Edwin Fischer first formed his trio in 1935.
Enrico Mainardi was the cellist and was to remain thus for the
remainder of the trio’s existence but the original violinist was
Georg Kulenkampff. The three original members proved congenial.
Fischer and Mainardi were duo partners and Mainardi and Kulenkampff
often played Brahms’ Double Concerto together (they recorded it
as well in a fine reading). The name of Adolf Busch has sometimes
been used as a stick with which to beat Kulenkampff in respect
of selfless altruism and moral scruple during the Nazi’s rise
to power – but what is true in this context, concerning Mainardi,
is that his career in Germany in the thirties flourished in direct
proportion to the enforced emigration of leading cellists. The
trio carried on after the war, by which time Kulenkampff and Fischer
were living in Switzerland and on the violinist’s sudden death
in 1948, Wolfgang Schneiderhan took over. The original trio made
no discs and as far as is known no live recordings have survived
either. The new trio however was taped on a number of occasions
in concerts both by Bavarian Radio and, as here, at the Mozarteum
in Salzburg. Paul Badura-Skoda made these private recordings.
My admiration for all three musicians is strong
but my reservations about some of the performances are equally
so. That said, the survival of these discs is a matter of great
significance and this is, perhaps inevitably, more to do with
Fischer’s own participation and pivotal role than the string players,
fine though they are. The repertoire is standard – the Bavarian
broadcasts, also published by Music and Arts were of Brahms trios
– and cover two Beethoven trios, a Mozart and Schumann with the
addition of a lengthy rehearsal sequence of the E flat Schubert,
made in a piano showroom in Lucerne. The masterpiece is the Archduke
and it receives a heavily personalised and rhythmically idiosyncratic
performance. Certainly the Allegro moderato properly adopts that
modificatory indication but it is elastic in the extreme at times
and the slow prayerful attitude adopted tonally by the string
players will not be universally welcomed. In addition these chorale-like
intimacies are accompanied by an extreme non-tensile approach
to unison passagework. The hobbling phrasing Fischer engages in
when it comes to the Scherzo seem to me fatally to undermine the
character of the movement. The Andante is underplayed; Fischer
doesn’t derive great weight of tonal resource here. While no-one
is asking for glutinous indulgence – or swift metricality from
the high-powered, chromium plated trios one could cite – the lightness
and attractive delicacy the three extract, whilst undeniable,
is not quite accompanied by requisite masculinity or spine. There
is string shading in abundance, gracefulness and also a degree
of intensity but Fischer doesn’t really float his sound enough
and once or twice sounds hesitant and unsure. Mainardi can phrase
with plangent sensitivity and Schneiderhan, later on, colours
his tone more emotively but the decreasing tempo they adopt sounds
arch and forced. The finale is heavily italicised, again hobbled.

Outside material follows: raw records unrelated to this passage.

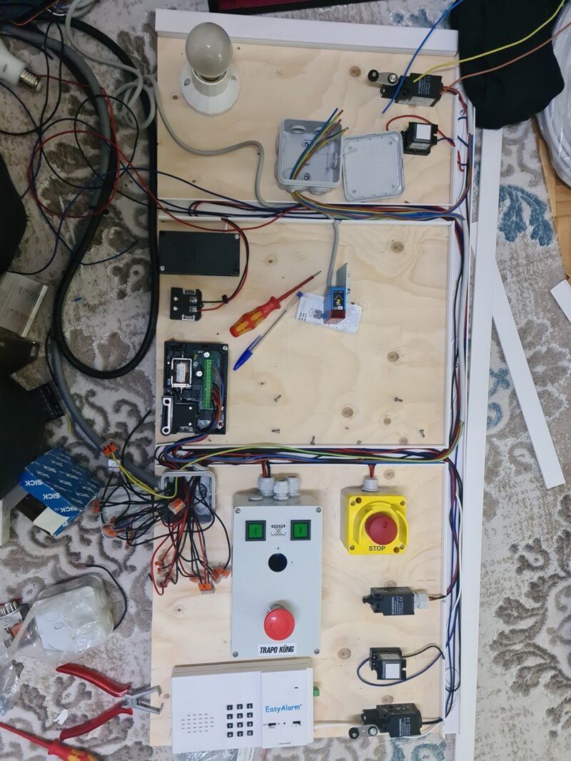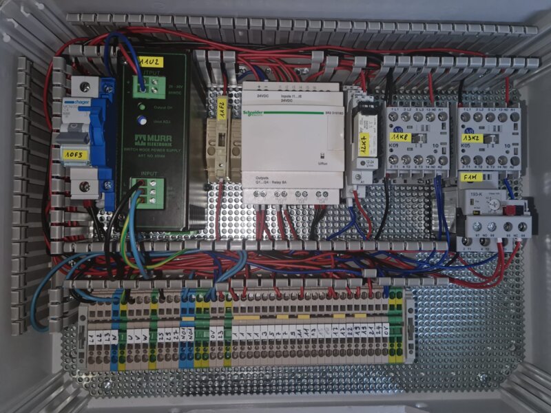 Die Stromversorgung erfolgt direkt über eine Steckdose mit einem 3x1,5-Kabel. Bestimmte Komponenten des Schaltkastens und der Plattform erfordern Schutzleiter. Für die Steuerkabel der Komponenten und Sicherheitselemente habe ich das 12x1,5-Kabel direkt an die Ausgangsklemme angeschlossen. Um Komponenten, die eine Spannung von 230 V benötigen, habe ich einen 5x 1,5 Kabel verwendet. Ich habe die beiden Kabel direkt zu den beiden Anschlusskasten verlegt.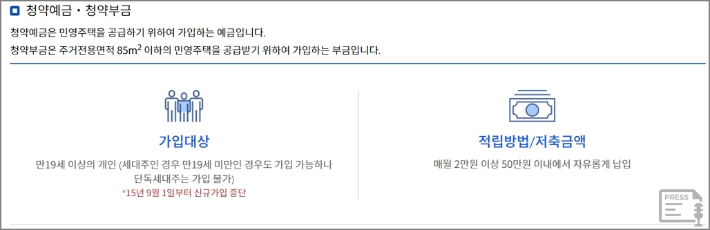 청약예금을 민영주택을 분양 받기 위해 가입하는 예금입니다. 청약부금은 전용면적 85㎡ 이하의 민영주택을 분양 받기 위해 가입하는 부금입니다. 모두 현재는 신규가입이 불가합니다.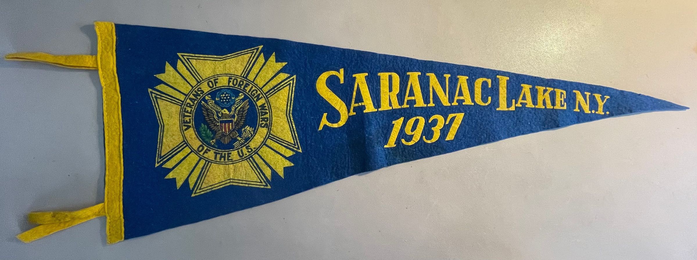 Blue felt pennant with golden yellow top edging and ties. The pennant reads, "Saranac Lake N.Y., 1937," accompanied with a large Veterans of Foreign Wars of the U.S. logo.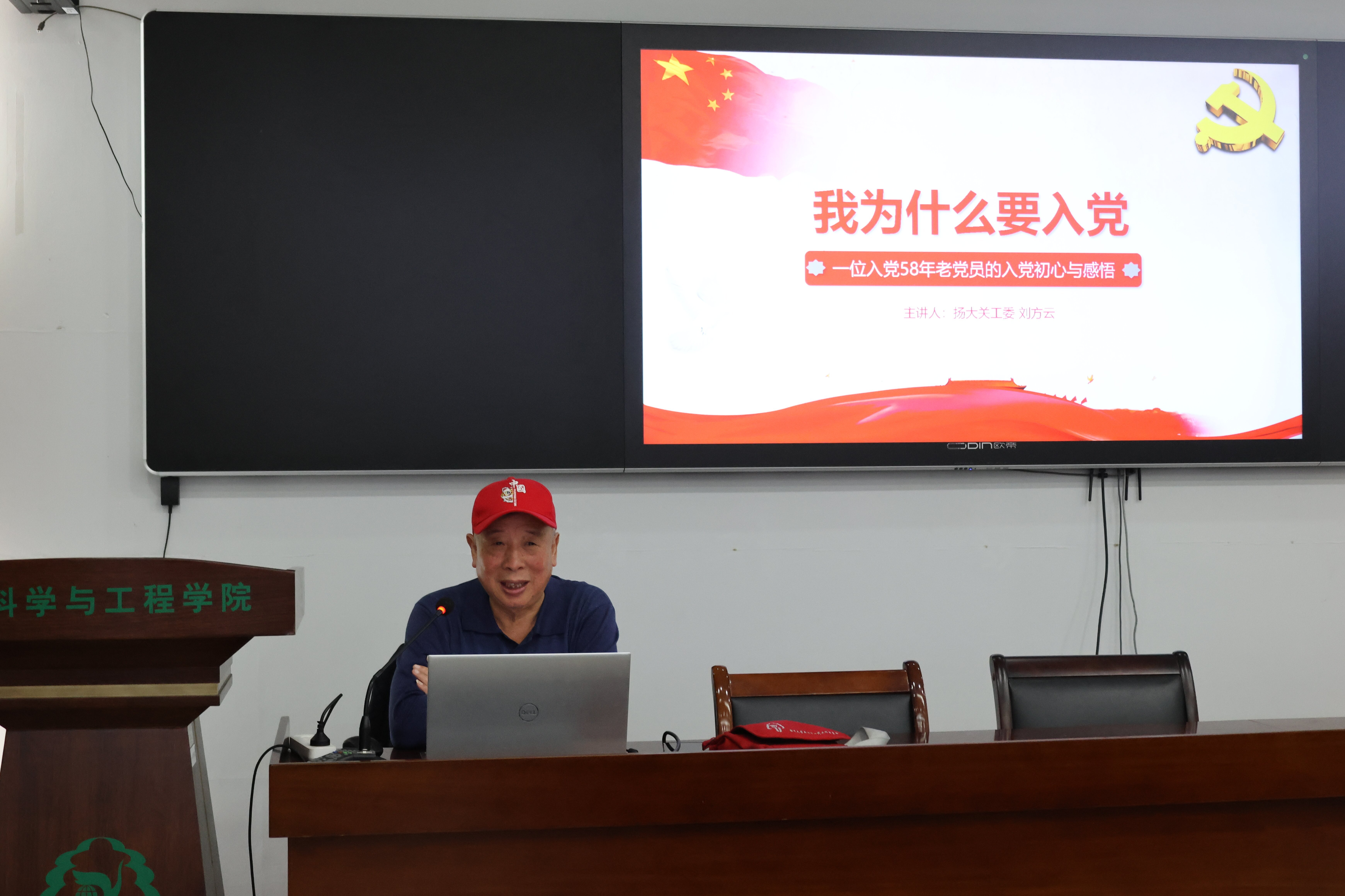 接着,刘老师分享了自己58年的入党经历,刘老师从小就受到党的关照,在参军入伍以后便积极提交了入党申请书。也正是由于党的影响和感召,刘老师在援越抗美战争中不畏牺牲,英勇地救下了负伤的战友……此外刘老师还介绍了刘胡兰、黄继光、董存瑞等革命先烈的英勇事迹,诠释了共产党人无私无畏、敢为人先的精神。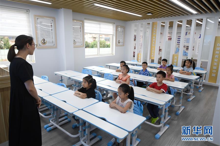 7月28日,志愿者在吉山四社区“新时代文明实践站”为小朋友讲授经典诗词。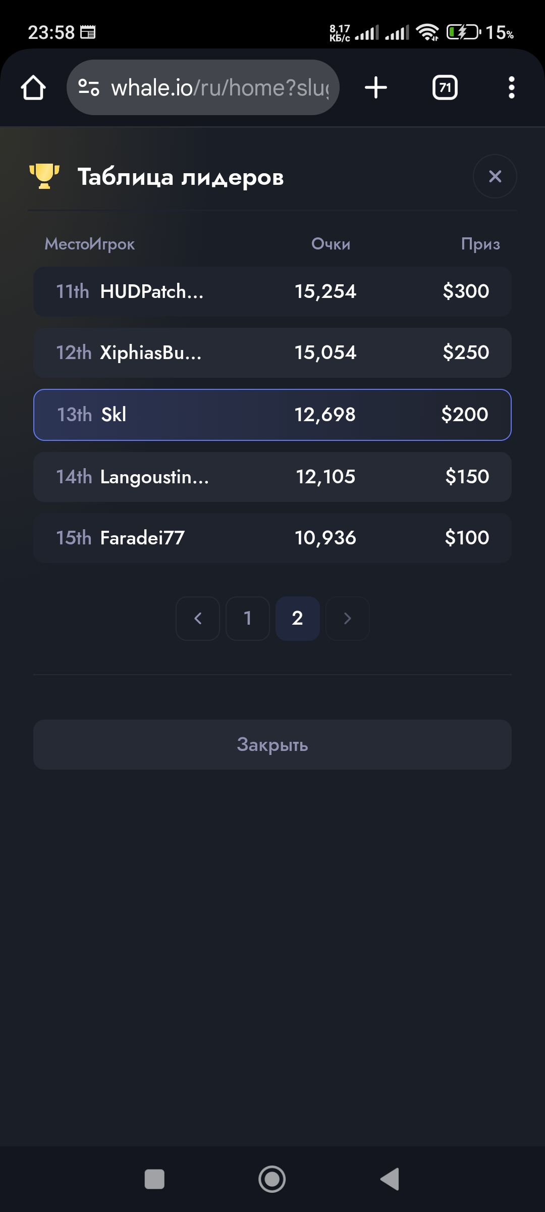 Короче вчера такая ситуация приключилась, остаётся час до конца турнира, призовых 15 мест, ну я прикинул, думаю обойдут полюбому, максимум зайду за час до конца и чекну. Захожу показывает на 15 месте, но понимаю, что могу часик поиграть и может место удержу, прикинул, подумал, меньше минуты, лудка съела просто и закинул 300 баксов, крутил ровно час, до полуночи, то есть конца конкурса не пропуская ни один спин. В итоге чудом баланс сохранился, даже чуть на пиццу поднял. Но прикол был в том, что был лайт на 34 на 200 иксов, выпадет 34 иксовка, но в списке отображения номеров его не добавляют, все начали возмущаться, у кого то норм суммы были поставлены. Ведущий говорит пишите в техподдержку, в чатике верните выигрыш, короче в итоге спустя минут 20 сумму выигрыша добавили к балансу, но факт в том, что число не внесли в список как обычно видишь выигрыши. То есть, открытый системный скам, который пошел не по графику. А по поводу турнира, вроде пишет выиграл 200$ но ждать 48 часов, интересно начислят или нет, скрины я сделал, но на whale этот турнир уже найти не могу, нету вкладки предыдущие или я на столько слепой, но интересно накинут или нет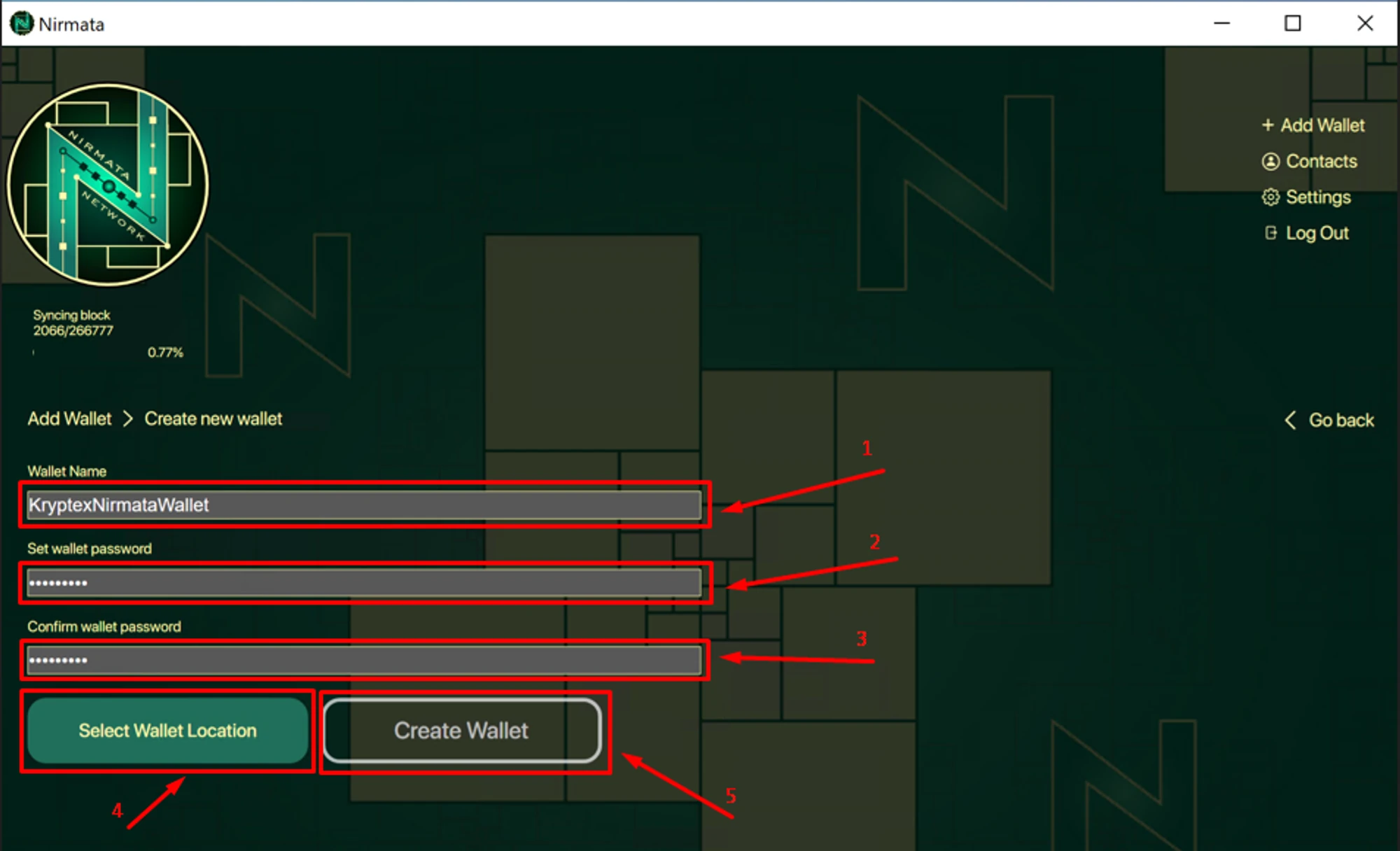 Create a name for your wallet → specify password to access the wallet → confirm password to access the wallet → click "Select Wallet Location" and select the folder to create the wallet → then click "Create Wallet";

Fischer – not in good health at the time – sounds technically
slightly flustered, and whilst there’s a certain dry wit, the
ending is disappointingly lame.
These strictures apply more or less to the rest
of the repertoire. The Ghost Trio replicates the elasticity
of tempo adopted at significant expressive moments in the Archduke.
That said I admired the controlling eloquence of Fischer in the
slow movement and Mainardi’s increasingly rapt playing even if
the Presto finale finds all three rather under the tempo. In the
Mozart things are rather better. There is fleetness in the Allegro
opening and Schneiderhan has numerous opportunities to fleck his
line with his accustomed excellence in this repertoire. The Andante
cantabile is the best interpreted of the three movements with
a real degree of intensity from the trio. They bind together the
sometimes diffuse rhetoric of the opening of the Schumann Trio
in D and Schneiderhan’s long-breathed lyricism in the slow movement
is attractive, the finale forceful with a good directional pull.
Finally there is the rehearsal sequence of the Schubert recorded
in a Lucerne piano showroom, a valuable insight into the working
methods of the three men who play straight through stopping only
occasionally.
Whilst interpretatively I found some of the playing
disappointing the value of this set is undoubtedly high, capturing
Fischer and his trio towards the end of its active life – he gave
up concert performance in 1955. The recordings were made on home
equipment by Badura-Skoda, who was then an assistant to Fischer,
and apart from distance and resonance and the invariable failings
of on-site non-professional equipment they are very listenable.
They have been transferred by Lowell Cross. They first appeared
on LP back in 1976 and 1977. There are printed tributes to Fischer
by Roger Smithson in English and by Badura-Skoda in German.